Bu deneyde, sekiz ila 10 haftalık dişi İsviçre Webster fareleri, lüminesans plazmid PQF50-lux taşıyan PA01'in dördüncü CFU'suna 10 ile enfekte oldu. Enfeksiyon, PBS'nin araç kontrolü olarak üç adet 30 dakikalık tedavisini veya biyofilm EPS'yi sindirmek için deneysel bir tedavi olarak% 10 GH'yi yönetmeden önce 48 saat boyunca kurulmasına izin verildi. A bölümünde gösterilen fareler, tedaviden hemen sonra ve tedavi sonrası 10 ve 20 saatte ön tedavi olarak görüntülendi.
IVIS kullanılarak, yara yatağı içinde parlak bir biyolüminesans sinyali üreten yerleşik bir enfeksiyon görselleştirilebilir. Bakterilerin yara yatağından dağılımı GH tedavisinden hemen sonra görselleştirilebilir, ancak PBS tedavisinden sonra değil. Alt panellerde gösterildiği gibi, fareyi görüntüleme için yanına yerleştirerek organlara bakteri yayılımları da görülebilir.
B bölümünde, hem PBS hem de GH ile tedavi edilen farelerden gelen görüntüler, tedavi sonrası 20 saatte, ön tedaviye kıyasla lüminesan sinyalde bir artış olduğunu göstermiştir. Bununla birlikte, IVIS'te bir lüminesans algılama eşiği nedeniyle CFU'nun nicel olması hala önemlidir. Tedaviden 20 saat sonra, fareler ötenaziye tabi tedavüle alındı ve yara yatakları ve dalaklar, CFU'nun gram doku başına numaralandırılması için toplandı.
Bölüm C yara yatağındaki bakteri yükünü gösterirken, D bölümü dalaklardaki bakteri yükünü gösterir. Bu veriler, dağınık bakterilerin yayılmasını göstermektedir, çünkü bakteriler sadece EPS hedefli GH çözeltisi ile tedavi edilen farelerin dalaklarında tespit edildi. Bu protokoller çok yararlı olsa da, bazı sınırlamalar vardır.
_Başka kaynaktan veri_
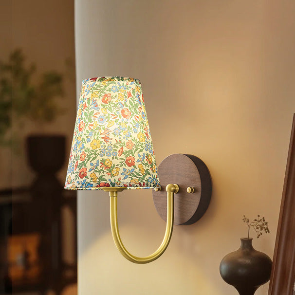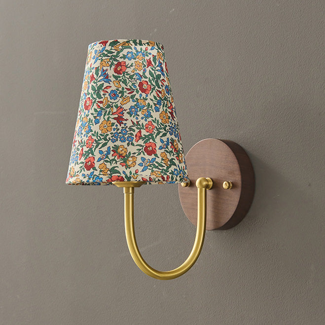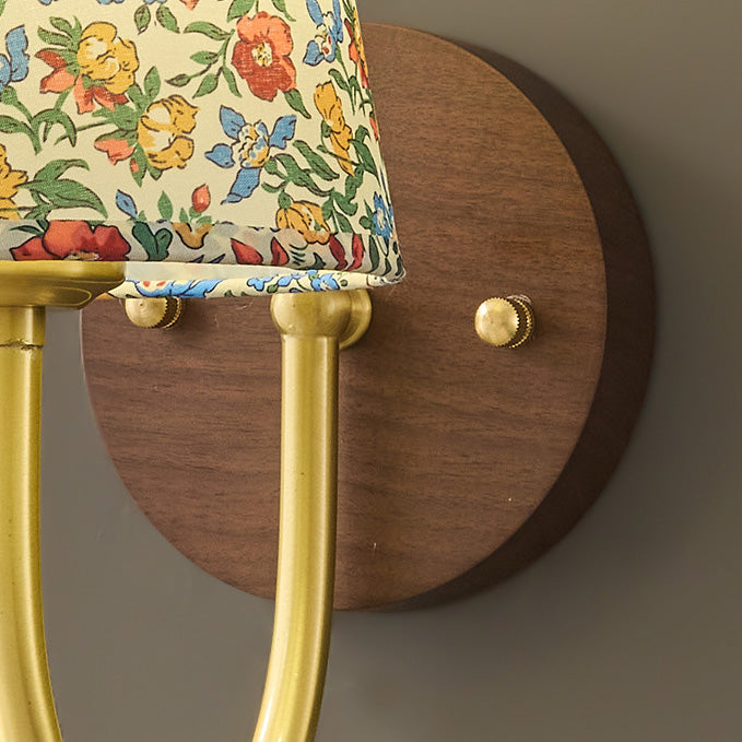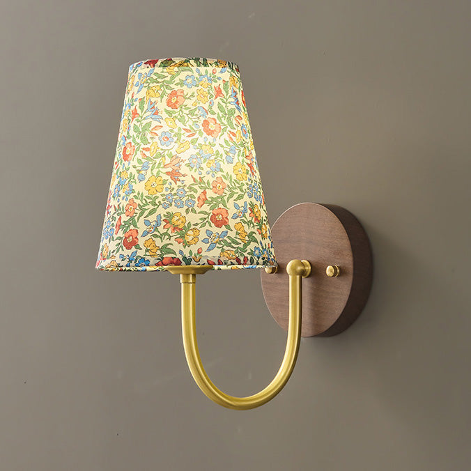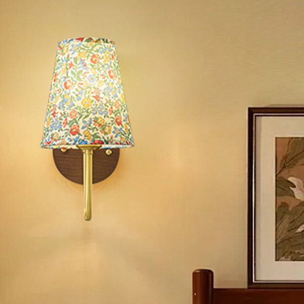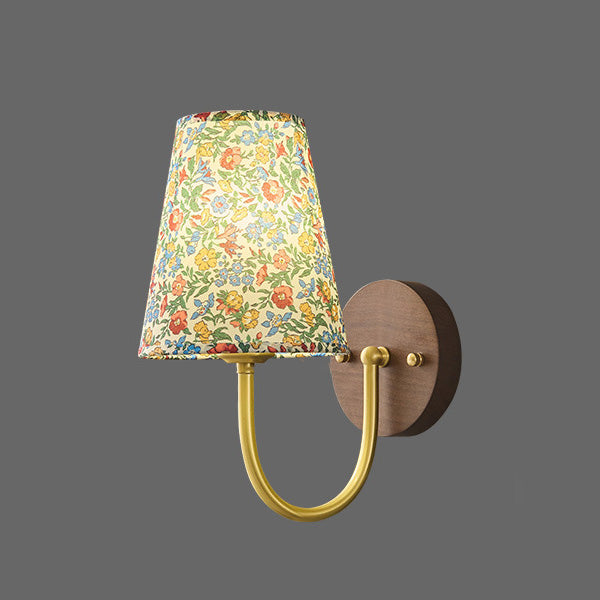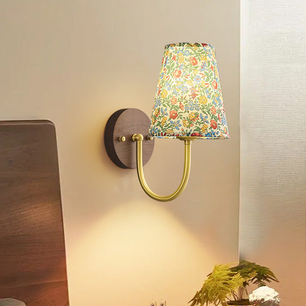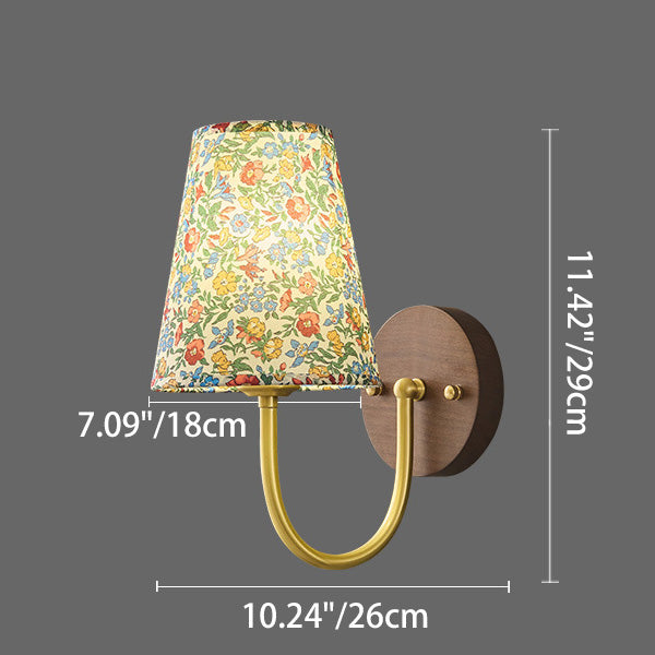 مصباح حائطي تقليدي عتيق مصنوع من النحاس الصلب مصنوع من الخشب الصلب مع ظل دائري ومصباح واحد لغرفة المعيشة
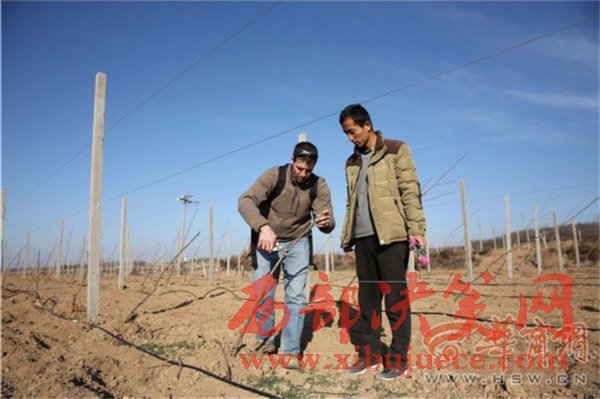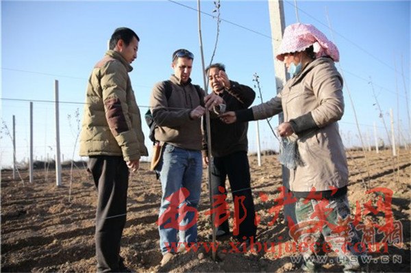 12月8日上午8時(shí)30分,淳化縣卜家鎮(zhèn)蔣家山村,當(dāng)?shù)毓r(nóng)剛吃完早飯,林東已從100多公里外的西安趕到這里,他一邊用熟練的中文問大家“咥飽了沒有”,一邊從背包里掏出果樹剪刀,走進(jìn)地里查看樹苗的過冬情況。果園的技術(shù)員拿個(gè)大本子跟在林東后邊做記錄,遇到難點(diǎn)林東就親自示范。
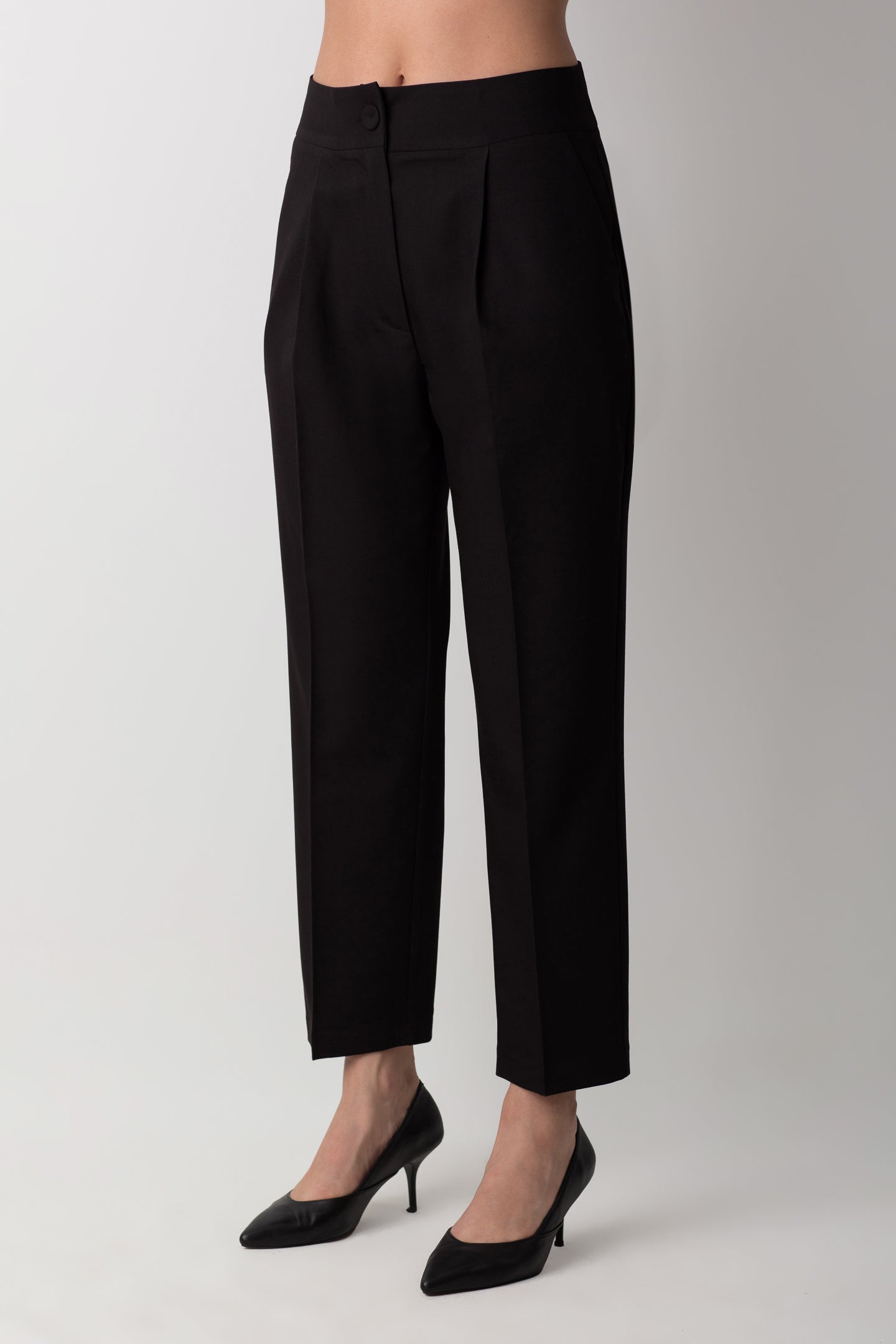 Mid-rise carrot trousers with crease detail.
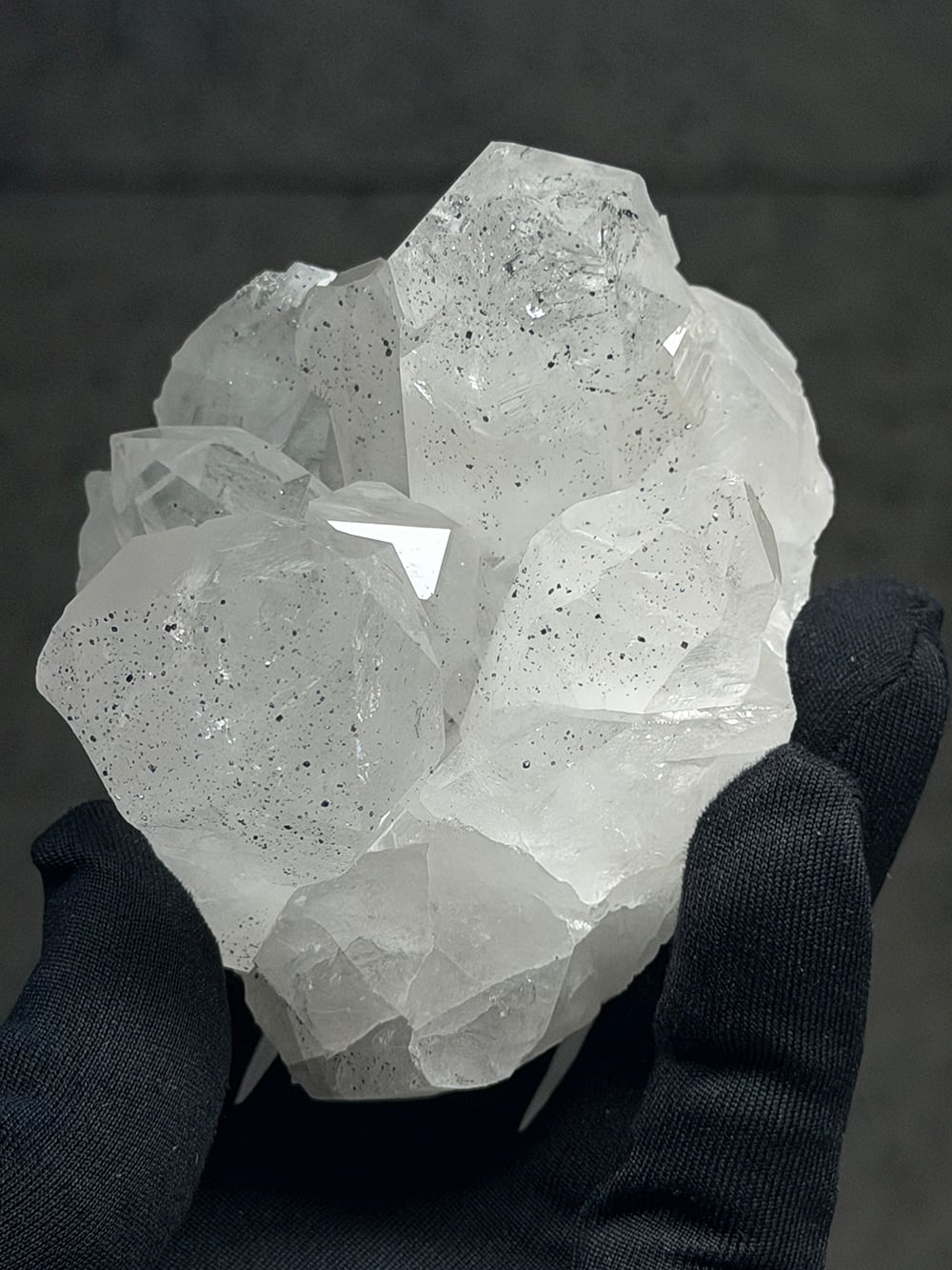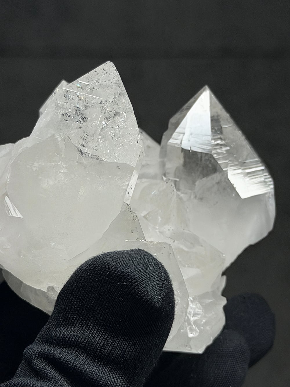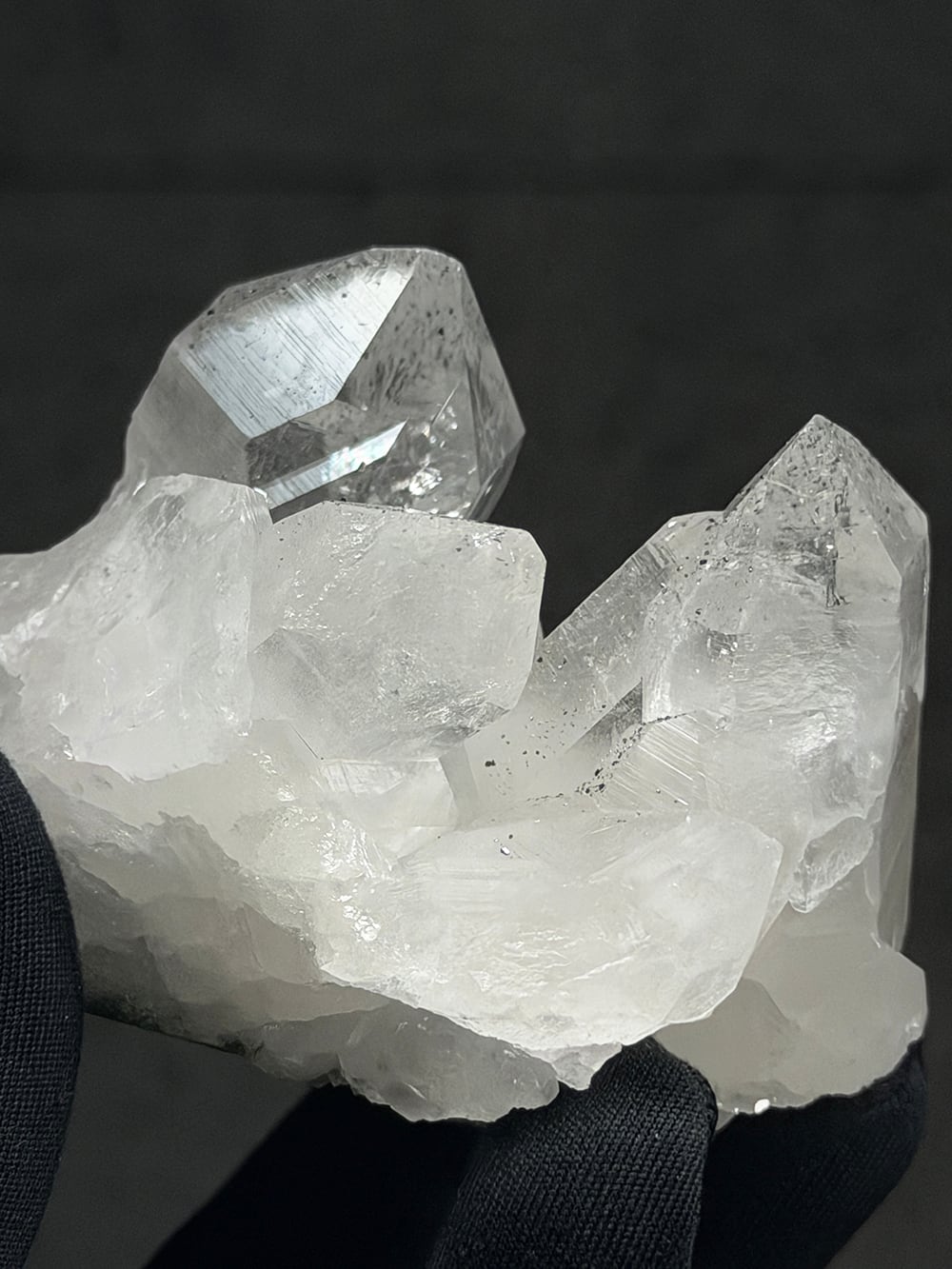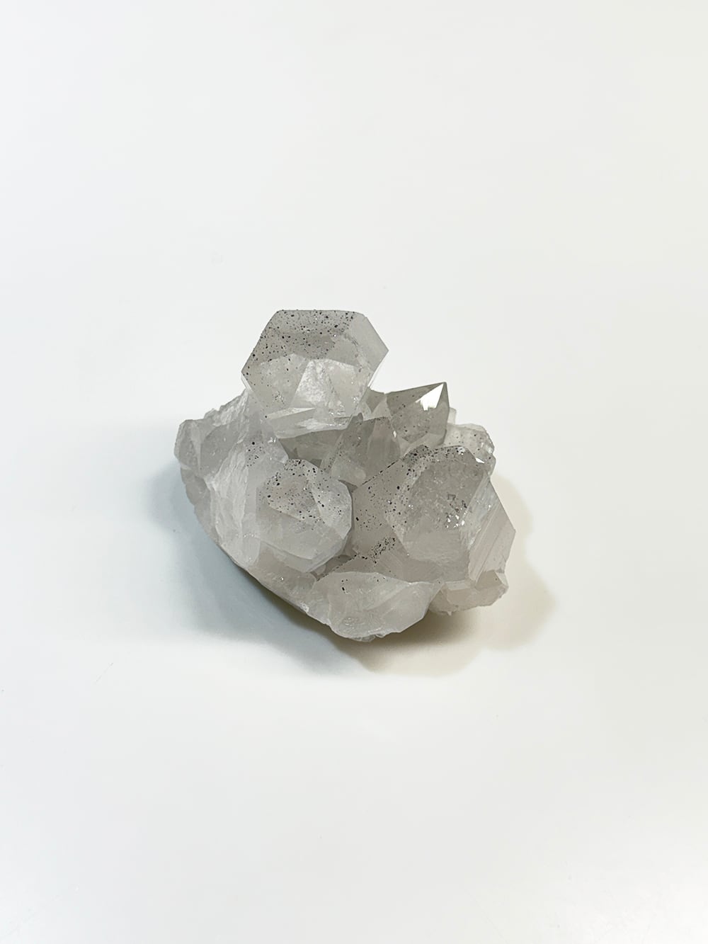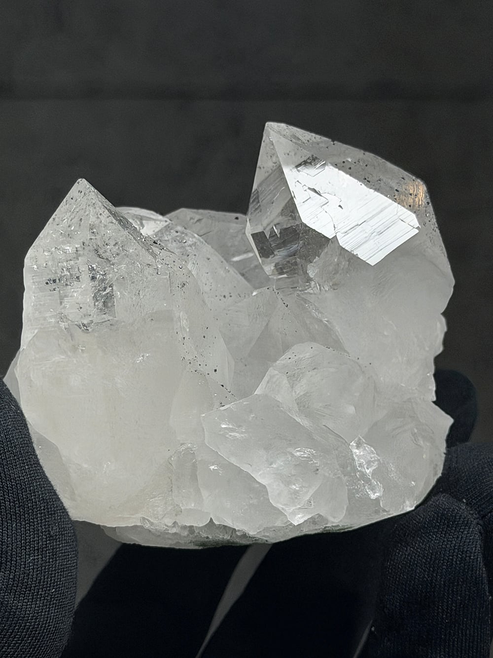 とても美しいマニハールのクォーツクラスター。全体のシルエットとバランスがとても良く、表面の照りも素晴らしい一点。黒いパウダーのようなアナテースがアクセントになっており、マニハールらしい美しさも引き立てています。底の面には少しだけクローライトも付着しており、全体の色合いに深みを与える良い役割を果たしています。
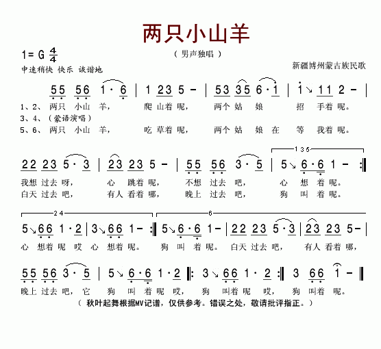 两只小山羊-男声独唱(简谱)
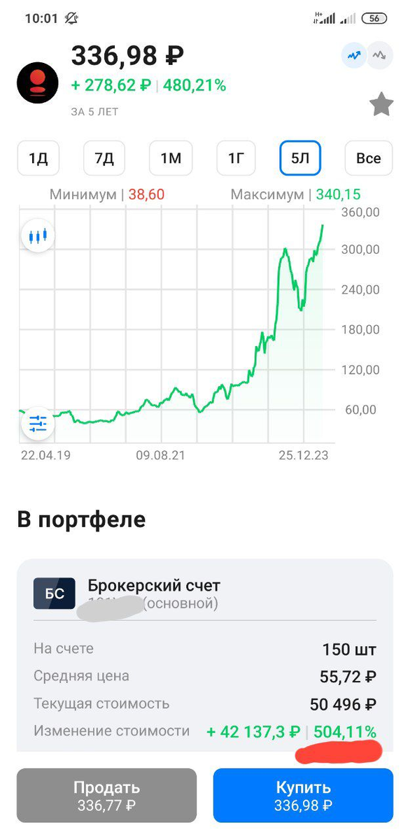 +500% прибыли - первая бумага в портфеле, которая преодолела эту планку - Банк Санкт-Петербург.
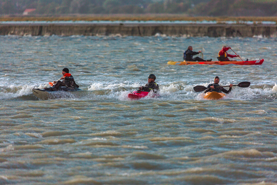 Il n’est pas rare de voir des kayakistes profiter du plaisir de surfer sur la barre. Mais il faut être un sportif entraîné, car la force du courant est surprenante et pourrait les déséquilibrer.
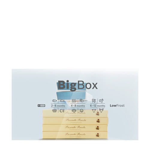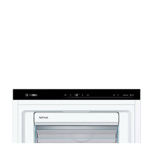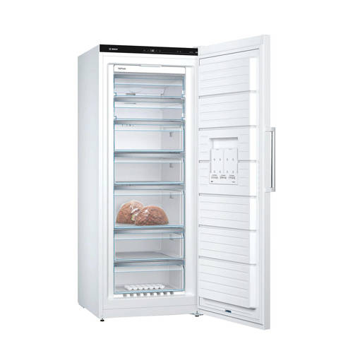 De 70 centimeter brede Bosch vrieskast GSN54DWDV heeft maar liefst een totale inhoud van 327 liter. Deze vrieskast is een extra breed model met meer ruimte voor etenswaren. De indeling van de koelkast is makkelijk te veranderen doormiddel van de in hoogte verstelbare plateaus.Topniveau tot in elk detailDe temperatuur is tot op de graad nauwkeurig te regelen met TouchControl bediening. De deur gaat zonder inspanning open dankzij het Air Channel System en het interieur wordt verlicht met heldere en zuinige LED-lampjes. In de BigBox-lade kun je grote dozen kwijt, handig voor een ijstaart of een grote bout vlees. Als je nog grotere formaten wilt invriezen kun je de glazen plateaus en lades uit de vrieskast halen. De Bosch GSN54DWDV is voorzien van VarioZone. Hierdoor is er meer flexibiliteit en ruimte dankzij de uitneembare glazen plateaus.De Bosch GSN51DWDV staat voor gemakDe Bosch vrieskast GSN54DWDV blijft altijd optimaal presteren. Het Fresh Sense klimaat zorgt ervoor dat de temperatuur constant blijft en de versheid van je levensmiddelen gegarandeerd is. Dankzij de NoFrost technologie hoef je deze vrieskast nooit te ontdooien. De binnenkant blijft ijsvrij en dat betekent dat je alle ruimte optimaal kunt benutten. Het Multi Airflow-systeem draagt bij aan een langere versheid omdat de koude lucht gelijkmatig over elk niveau van de vriezer wordt verdeeld.

İlk olarak, in-vivo görüntüleme sistemi veya IVIS ile bir algılama sınırlaması olduğu belirtilmelidir. Bakteriler sabit faza girdiğinde lüminesan sinyalde bir azalma görülebilir. Bu nedenle, luminesans ve CFU numaralandırılmış arasında bir kopukluk olabileceği için, ilgi dokusunu toplamak ve mevcut CFU'nun ölçülebilmesi önemlidir.
Bununla birlikte, IVIS, hayvanı gerçekten ötenazi yapmak zorunda kalmadan, bir çalışma boyunca tedavinin etkinliğini görselleştirmek için yararlıdır. Dikkate alınması gereken bir diğer sınırlama da bandajların yakından izlenmesi gereksinimidir. Bandajlar, kontnaktil iyileşmeyi azaltmak ve yarayı diğer bakterilerden steril tutmak için gereklidir.
Bandajların sık sık değiştirilmesi gerekecektir, bu da yaranın kazara debridmanlanmasına ve kirlenme fırsatına yol açabilir. Bu protokoller, safrayı dağılımdan incelemek için yeni yöntemleri ve dispersiyon ajanlarından terapötik safranın değerlendirilmesini açıklar. Bu modeller, klinik olarak ilgili insan enfeksiyonlarını taklit eden karmaşık polimikrobiyal biyofilm ilişkili enfeksiyonların gelişmesine izin verir.
Umudumuz, bu protokollerin terapötik kullanım için anti-biyofilm dispersiyon ajanlarının geliştirilmesi için kullanılması ve rafine edilmesidir.